3. Precipitation Trend (given a weight of 0.322)
Precipitation data from 1967 to 2007, a 40 year period, at each of the 7 weather stations were gathered from Environment Canada and their trend was analyzed using Excel (2017). We only used data for September, October and November since those are the times where, after fertilizer application in the summer (because it’s the most suitable season for plant growth), nutrient runoff is going the be the greatest. The monthly precipitation was averaged over the 3 month period and a trend was extrapolated using Excel for cm/ month / year increase. We then interpolated the average precipitation trend to the FVRD using the “Spline Interpolation” tool and normalized the values using the Linear Fuzzy Membership tool. Since the weather stations we chose are spread out evenly across the study area, we think the interpolation would provide a good estimate of the actual precipitation trend across the region.
4. Proximity to water bodies and watercourses (given a weight of 0.141 and 0.107, respectively)
As runoff is the leading source of nonpoint source pollution to rivers (watercourses) and lakes (water bodies) (EPA, 2005), we identified the proximity of the ALR lands to the streams and lakes vectors, using the “Euclidean Distance” Tool which calculated the shortest path distance from any cell to a stream or a lake (Figure 3). The stream and lake data was retrieved from Data BC (2017). We normalized these two euclidean distance rasters using the Linear Fuzzy Membership. However, we assigned higher importance and a larger weight for lakes rather than streams due to the poorer circulation in lakes than rivers and potential sedimentation in lakes, leading to reduced sunlight penetration, depleted oxygen and harmful algal blooms (EPA, 2005).

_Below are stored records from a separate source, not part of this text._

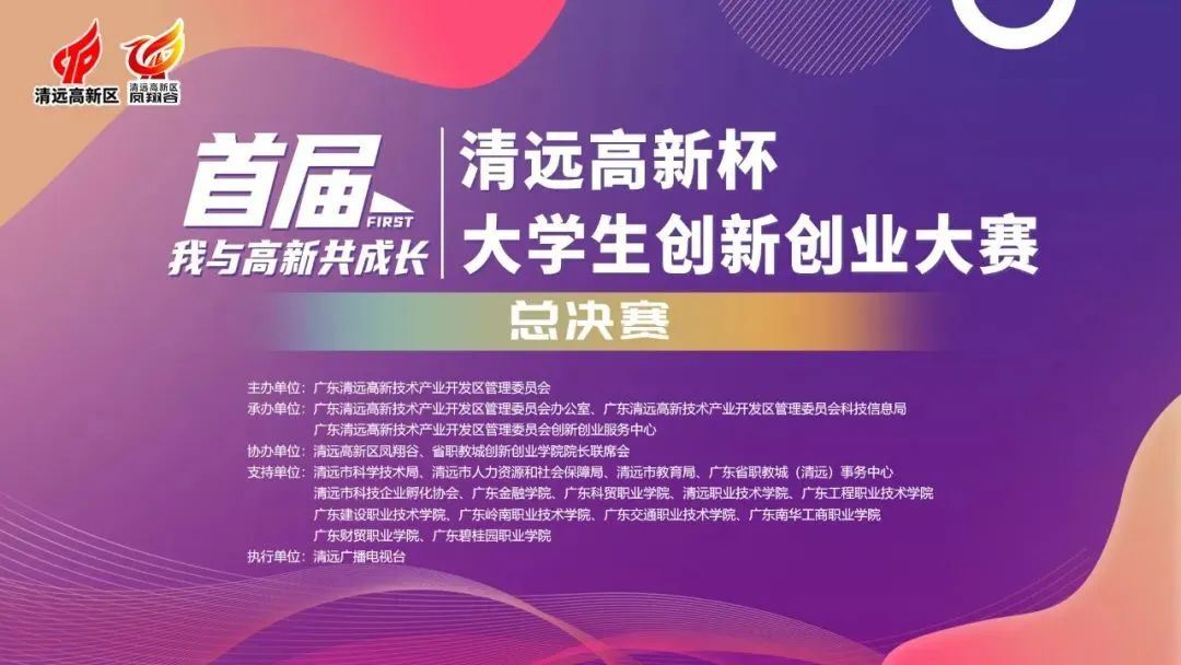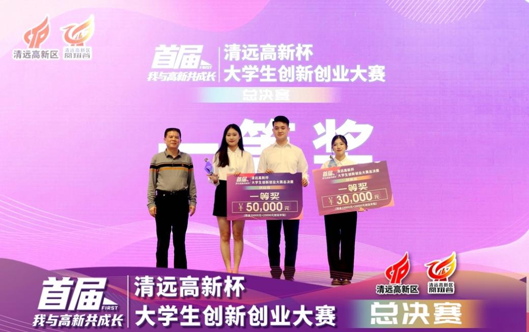 首届“清远高新杯”大学生创新创业大赛由清远高新区管委会主办,清远高新区管委会办公室、清远高新区科技信息局、清远高新区创新创业服务中心承办,清远高新区凤翔谷、省职教城创新创业学院院长联席会协办。本届比赛项目涉及新材料、智能制造、文创、生物科技等领域,分创业组、创意组2个赛道,每个赛道有16个项目入围总决赛,共32个项目入围总决赛。经过激烈角逐,我校稚影传媒项目脱颖而出,获得创业组一等奖,并获得五万元奖励。
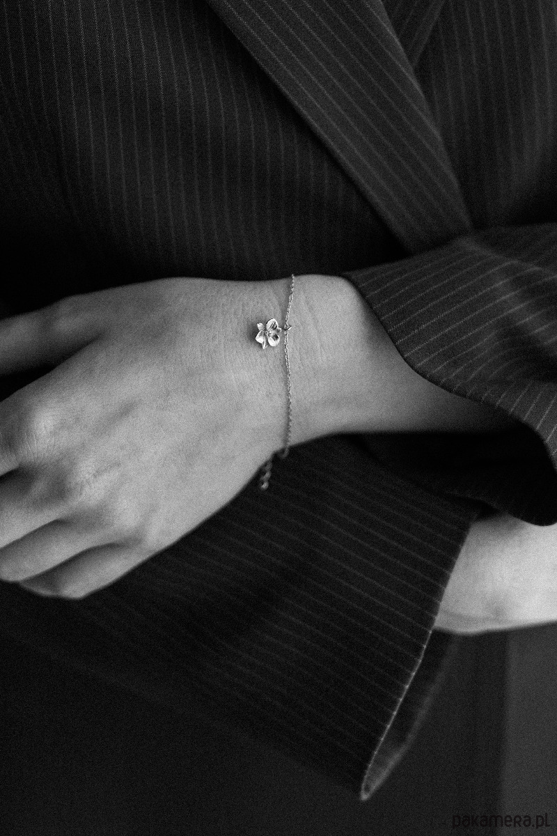 Elegancka bransoletka na cienkim, złoconym łańcuszku z uroczą zawieszką w kształcie kwiatu. Jej subtelny blask i romantyczny charakter sprawiają, że doskonale podkreśla kobiecą delikatność i naturalne piękno. To idealny wybór zarówno na co dzień, jak i na wyjątkowe okazje – pasuje do zwiewnych stylizacji, ale także dodaje klasy wieczorowym kreacjom.
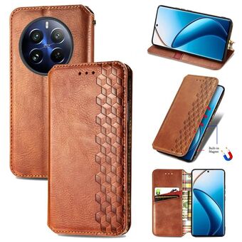 For Realme 12 Pro Cubic Grid Pressed Magnetic Leather Phone Case(Brown)
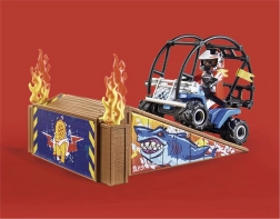 Gib Vollgas mit der Stuntshow von PLAYMOBIL! Sieh zu, wie der Stuntfahrer auf dem Quad losbraust, durch die Feuerrampe schießt und einen atemberaubenden Salto zeigt. Das Set ist der perfekte Einstieg in die Welt der Stunt Show und lädt zum kreativen Erzählen von Geschichten ein.
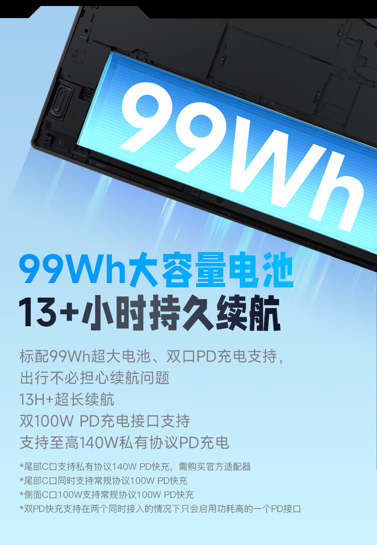 耀世 15 Pro 的另一大特色是在较小机身重量中提供了充足续航:其标配 99Wh 电池,满足 13+ 小时使用;此外其附有 210W 轻量化碳化硅电源适配器,机身的 2 个 USB-C 接口支持 100W 标准 PD(IT之家注:其中一个还支持 140W 私有协议快充)。
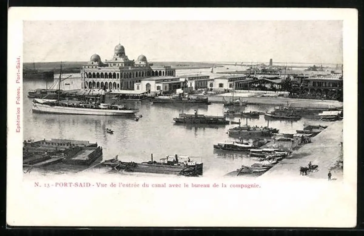 AK Port-Said, Vue de l`entree du canal avec le bureau de la compagnie
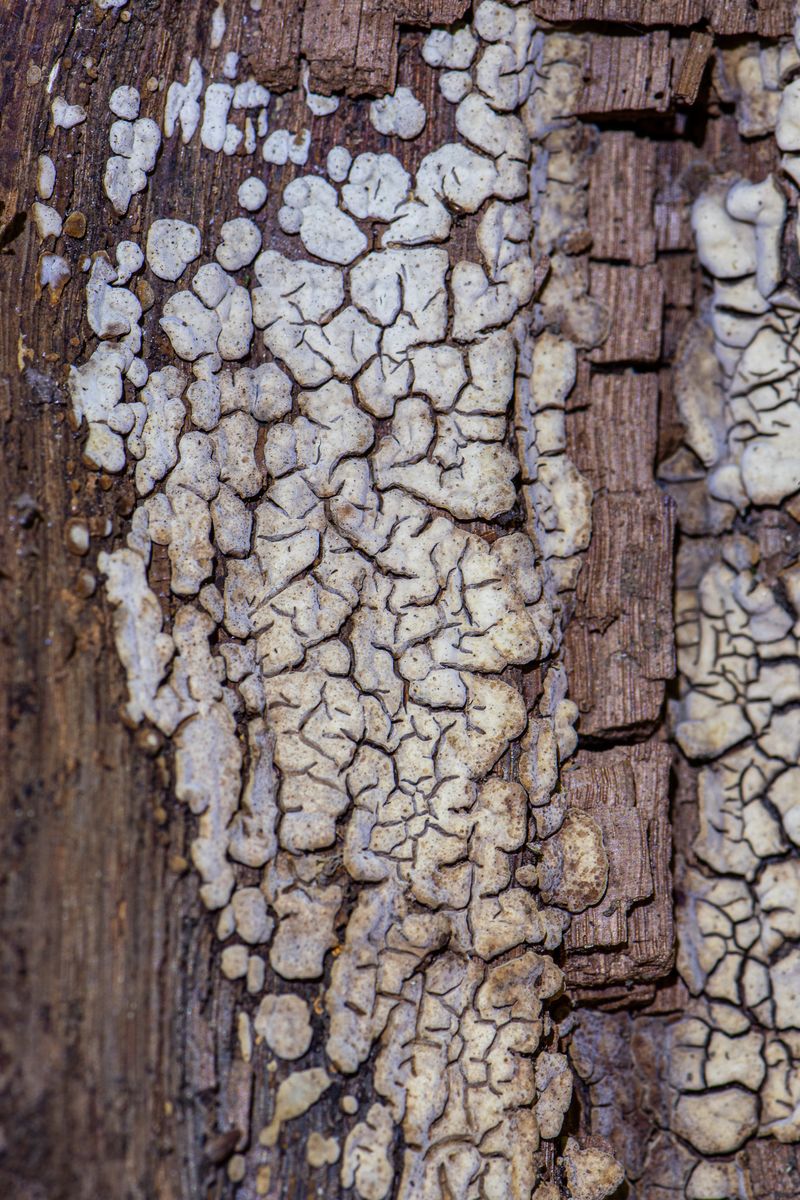 Abgesehen von den wirklich ausgeprägten Hutkanten schaut das wirkklich total nach Xylobolus aus. Für einen Moment hatte ich überlegt, ob da die Fruchtkörper von zwei ganz veschiedenen Arten durcheinanderwachsen (zB Stereum rugosum + Xylobolus frustulatus), auf den zweiten Blick gehört das aber wohl schon alles zusammen.
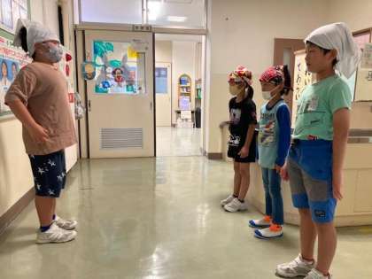 高学年が宿泊学習で不在の中、中学年がリーダーとなって縦割り活動を行っています。
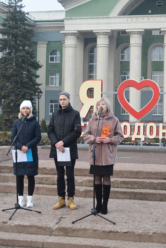 Заступник міського голови, голова міської координаційної ради з питань сім’ї, гендерної рівності, демографічного розвитку, запобігання домашньому насильству та протидії торгівлі людьми Ірина Степаненко звернулася до учасників акції: «Більше двох тижнів Україною крокує акція «16 днів проти насильства». І ми, українці, кажемо «Ні насильству в будь-яких проявах!» Насильству психологічному, фізичному, проти дітей, проти жінок та чоловіків – ми кажемо «Ні!» І сьогодні символічними долонями та кульками помаранчевого кольору, який Організація об’єднаних націй обрала кольором привернення уваги до протидії насильству, сєвєродончани підтримують ідею нестерпного ставлення до насильства. Бажаю всім ніколи не стикатися з насильством, а у разі виявлення таких проявів – звертатися до поліції, бо вона разом з нами і допоможе нам. Бажаю вам здоров’я, мирного неба та щоб ви завжди були щасливими!»
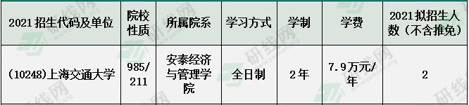 上海交通大學2021年審計碩士專業全日制擬錄取人數為2人。
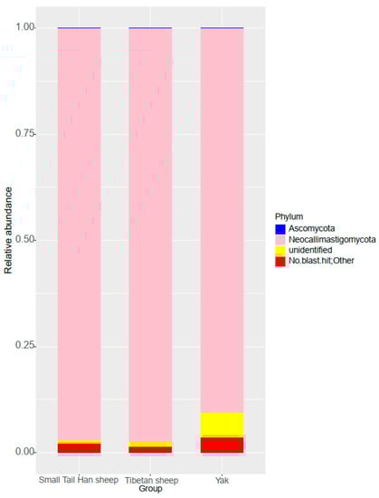 A total of 2 fungal phyla were identified, Neocallimastigomycota and Ascomycota. Among them, the Neocallimastigomycota was the most dominant phylum, accounting for 92.86% (± 0.094) of total sequences (Figure 3). The relative abundance of Neocallimastigomycota in the Tibetan sheep (97.44 ± 0.007%) and Small Tail Han sheep (90.65 ± 0.158%) was higher compared to that of yak (90.49 ± 0.035%, Supplementary Figure S1). The relative abundance of unidentified phylum in the yak (5.91 ± 0.02%) was significantly higher than in the Tibetan sheep (1.08 ± 0.007%) and Small Tail Han sheep (0.76 ± 0.004%, Benjamini−Hochberg p < 0.01, Supplementary Figure S1).

Figure 3. Euclidean shortest path distance from every unit to a lake polygon. Lower values denote proximity to lakes. We can see that the western regions have greater numbers of lakes.
The different variable weights were determined using the Analytic Hierarchy Process (http://www.123ahp.com/Default.aspx) where we assigned the following weights: TWI = 0.245, Slope = 0.185, Proximity to Streams = 0.107, Proximity to Lakes = 0.141 and Precipitation = 0.323, which we later on changed to 0.322 to make the weights equal to 1.000 for the MCE analysis (Figure 4).

Figure 4. Flow diagram of the Analytic Hierarchy Process for the 5 criteria: TWI, Slope, Proximity to Streams, Proximity to Lakes, and Expected Precipitation Trend.


Figure 5. Evaluation of the importance of the five criterias considered in the MCE using the Analytical Hierarchy Process (https://bpmsg.com/academic/ahp.php).
A Sensitivity Analysis was also performed prior to the MCE using equally weighted variables and assigned a weight of 0.2 to all 5 variables. We then combined the Sensitivity Analysis and the MCE with different weights and graphed a Combined MCE Analysis. For all the MCE Analyses, we reclassified the values into the 5 classes: lowest risk, low risk, medium risk, high risk, and highest risk (Figure 6).


Figure 6. Classifying the break values for the Sensitivity Analysis, Weighted Sum, and the Combined MCE Analysis, respectively.